By Deborah Ritchie

Staff who administer the pensions of 1.5 million existing and retired civil servants have voted overwhelmingly for industrial action as part of a campaign against plans to privatise their work, according to the union Public and Commercial Services (PCS).

Ministers want to turn the government agency My Civil Service Pension into what the PCS says could be "the first of many 'mutual' organisations".

The union says it is “privatisation by the back door with no genuine co-ownership, and the decision flies in the face of what staff say they want”.

In a ballot of the union's 250 members across MyCSP sites in Basingstoke, Cheadle Hulme, Liverpool, Newcastle and Worthing, 77% voted for a strike and 87% voted for other forms of industrial action, on a 46.5% turnout.

The PCS has consulted MyCSP staff in all the offices and the overwhelming view was that they do not want to go down this route, and want to retain their civil service status.

Ministers, the union said, have refused to allow this, which would mean staff would no longer have access to the civil service pension schemes they administer.

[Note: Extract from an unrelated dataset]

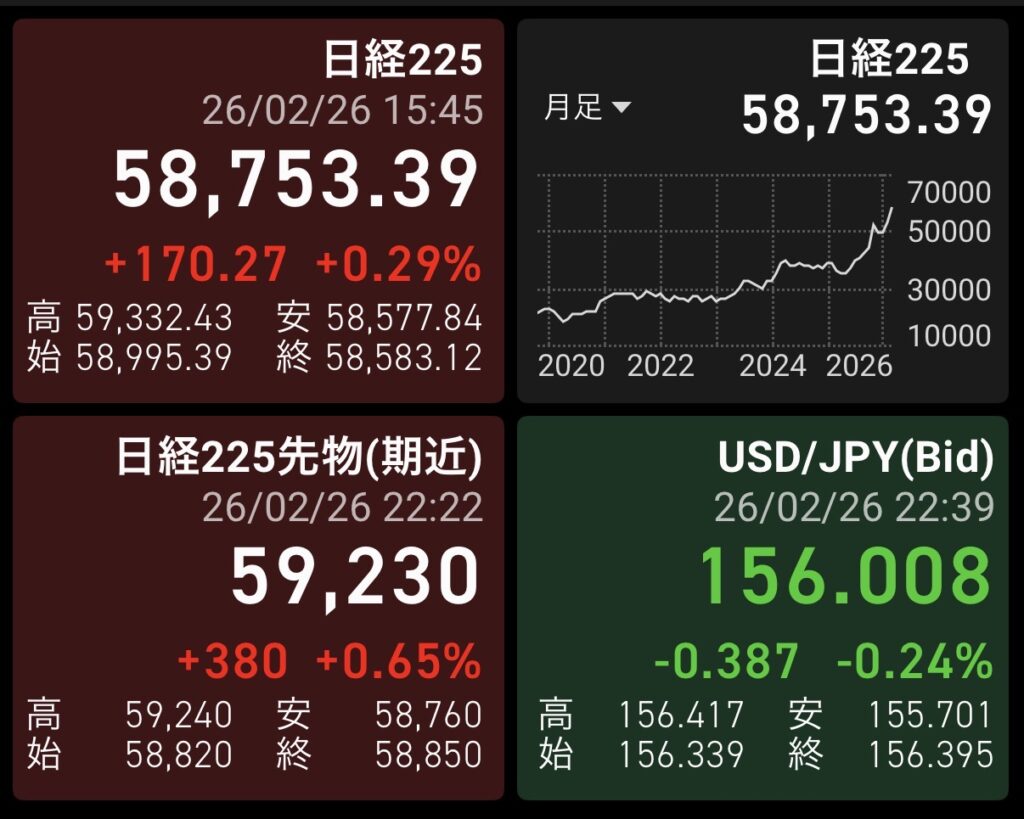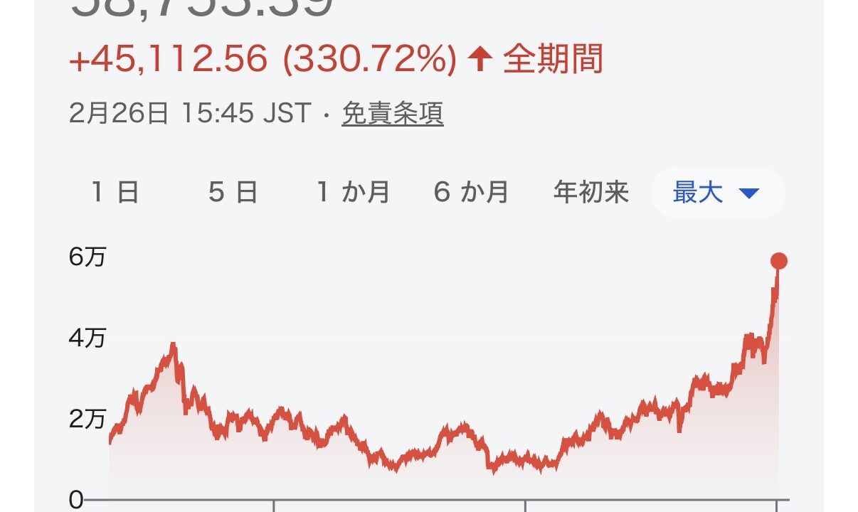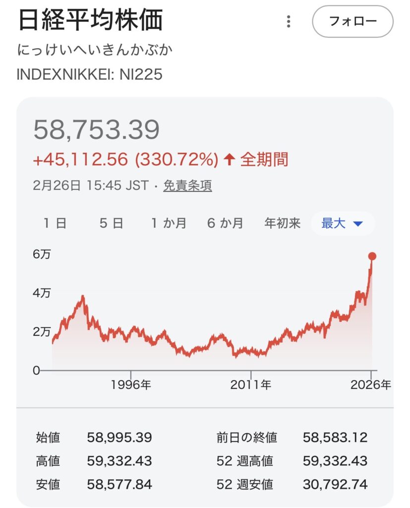 しかし今、日経平均株価は6万円に近づく水準まで上昇しています。

But after pressure from the union, the proposed transfer date has already been put back to the autumn from June.

The strike vote comes a week ahead of the close of a ballot of more than 250,000 PCS members for a national strike over cuts to jobs, pensions and pay.

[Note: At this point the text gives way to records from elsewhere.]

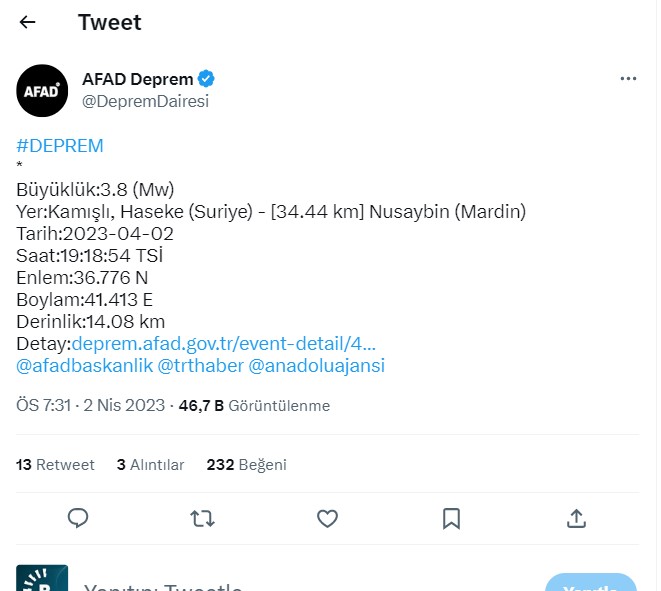 — Kandilli Rasathanesi (@Kandilli_info) April 2, 2023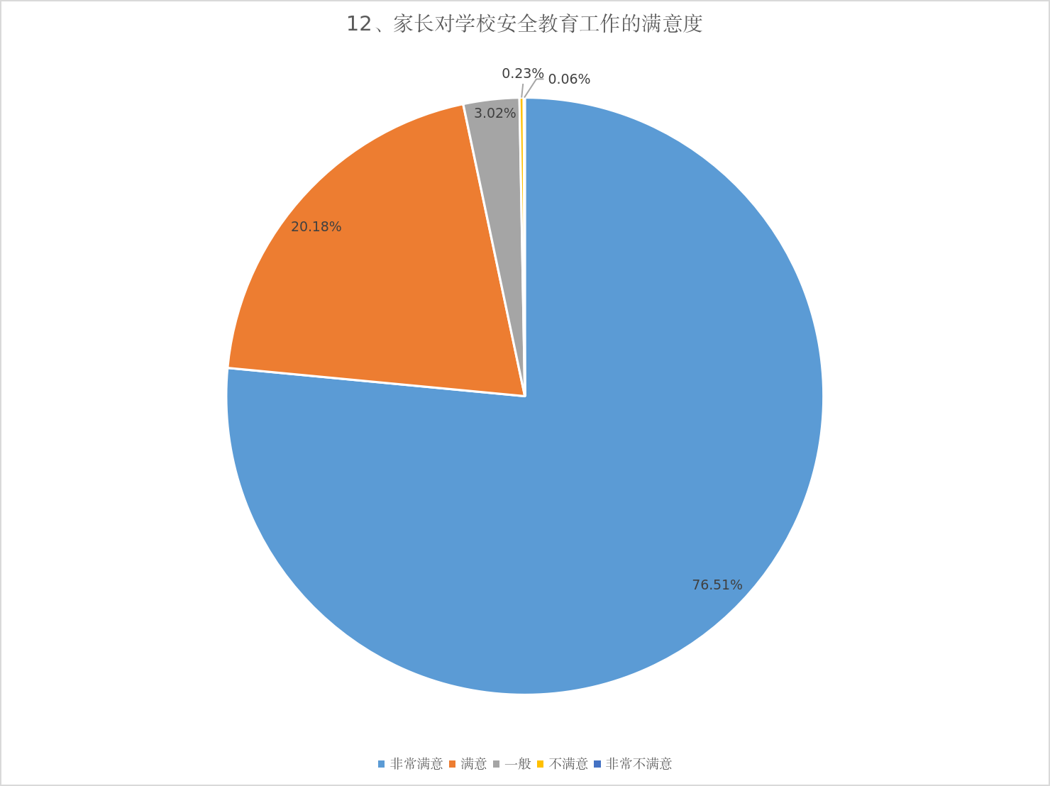 12、家长对学校安全教育工作的满意度。被调查的家长中,非常满意的1342票,占比76.51%;满意的354票,占比20.18%;一般的53票,占比3.02%;不满意的1票,占比1.11%;非常不满意1票,占比0.06%。家长们普遍对学校安全教育工作满意。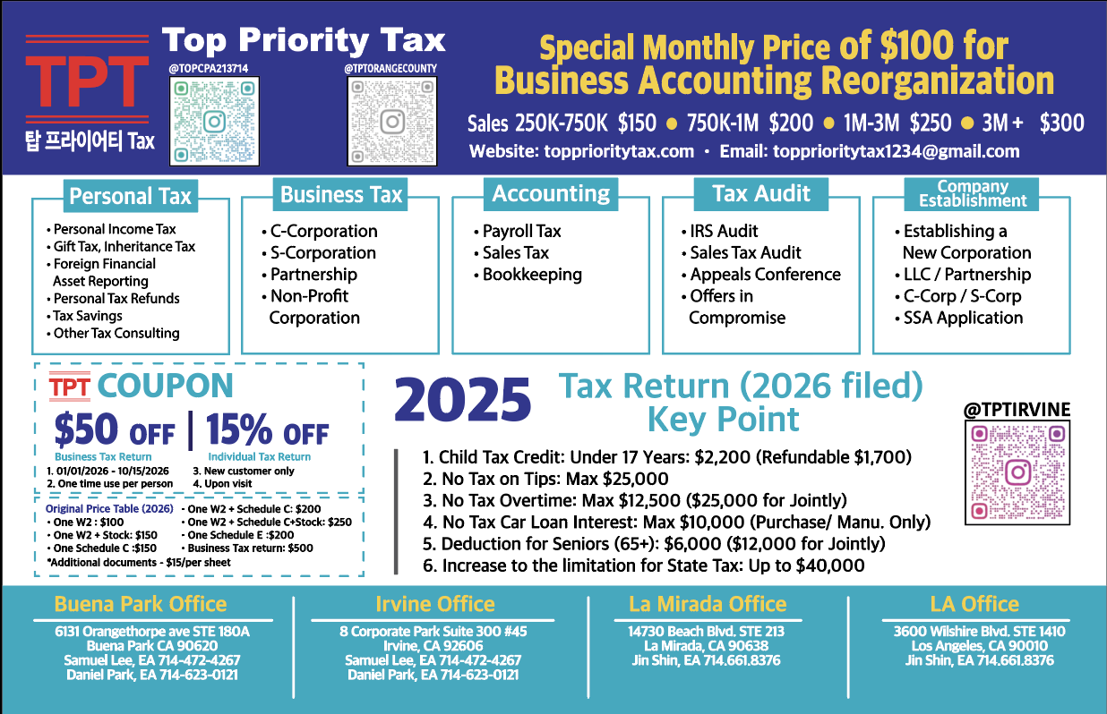 저희 탑 프라이너티 Tax는 특히 비지니스 장부정리에 많은 비용을 내고 계시는 고객분들을 위해 사업체 장부정리는 월 $100 특가 (매출 $250k 이상 $150, $750k 이상 $200, $1000k 이상 $250,$3000k 이상 $300) 로 할인서비스를 지속 하기로 하였습니다. 또한 Payroll Tax ,Sales Tax 보고도 합리적인 가격으로 월별/분기별 보고 및 Payment 까지 빈틈없이 처리해 드릴것입니다.

PCS general secretary Mark Serwotka said: "There is a severe deficit between the government's rhetoric about co-operation and mutualism and the reality of what is being imposed on staff who have made their views perfectly clear.

"This is privatisation by another name, as our members will be forced out of the public sector, with their civil service contracts ripped up, and we will do everything we can to oppose it."